- TASK OBJECTIVE
Images don't belong in the copy. Output the rest of the data exactly.

- DATA EXCERPT
************
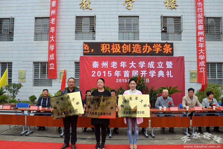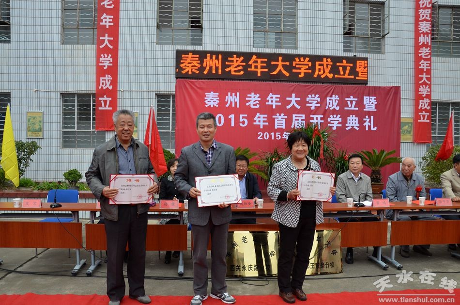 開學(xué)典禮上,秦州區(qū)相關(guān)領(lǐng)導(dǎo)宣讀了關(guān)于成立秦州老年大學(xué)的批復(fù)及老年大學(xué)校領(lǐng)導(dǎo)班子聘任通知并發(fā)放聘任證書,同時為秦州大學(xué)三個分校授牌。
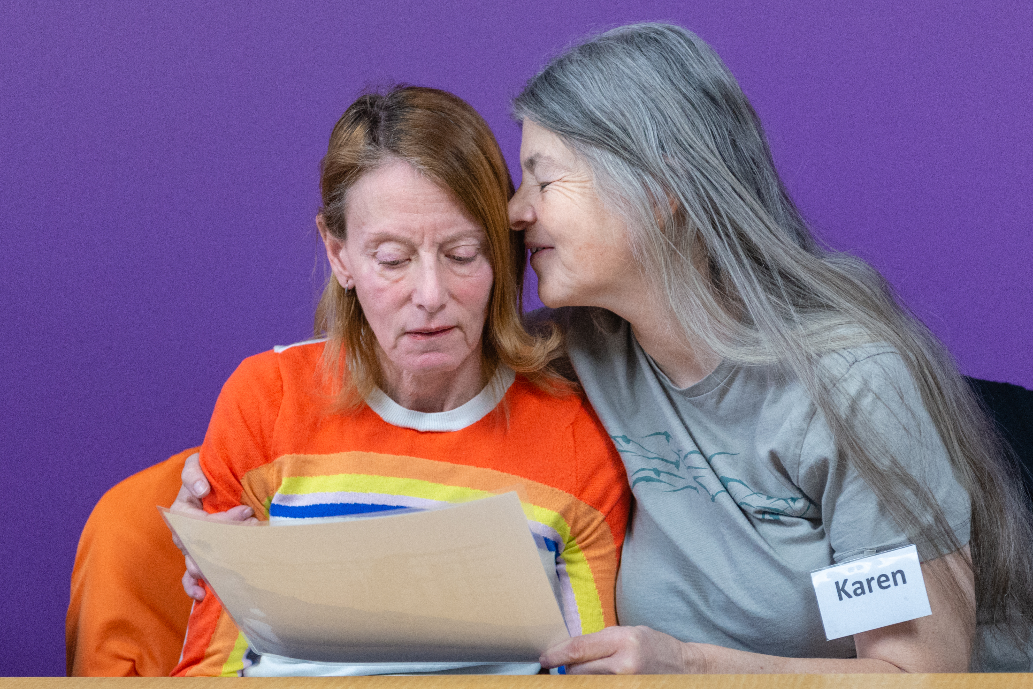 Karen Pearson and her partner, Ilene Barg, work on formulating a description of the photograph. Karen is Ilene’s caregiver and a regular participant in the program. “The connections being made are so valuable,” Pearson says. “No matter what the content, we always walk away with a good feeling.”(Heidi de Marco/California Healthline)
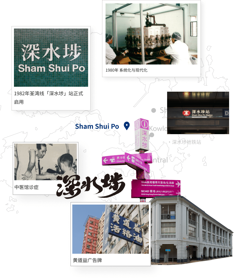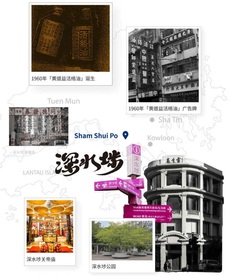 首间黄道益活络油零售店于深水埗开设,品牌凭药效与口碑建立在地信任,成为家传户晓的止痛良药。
************
- RESULT BELOW
 開學(xué)典禮上,秦州區(qū)相關(guān)領(lǐng)導(dǎo)宣讀了關(guān)于成立秦州老年大學(xué)的批復(fù)及老年大學(xué)校領(lǐng)導(dǎo)班子聘任通知并發(fā)放聘任證書,同時為秦州大學(xué)三個分校授牌。
 Karen Pearson and her partner, Ilene Barg, work on formulating a description of the photograph. Karen is Ilene’s caregiver and a regular participant in the program. “The connections being made are so valuable,” Pearson says. “No matter what the content, we always walk away with a good feeling.”(Heidi de Marco/California Healthline)
 首间黄道益活络油零售店于深水埗开设,品牌凭药效与口碑建立在地信任,成为家传户晓的止痛良药。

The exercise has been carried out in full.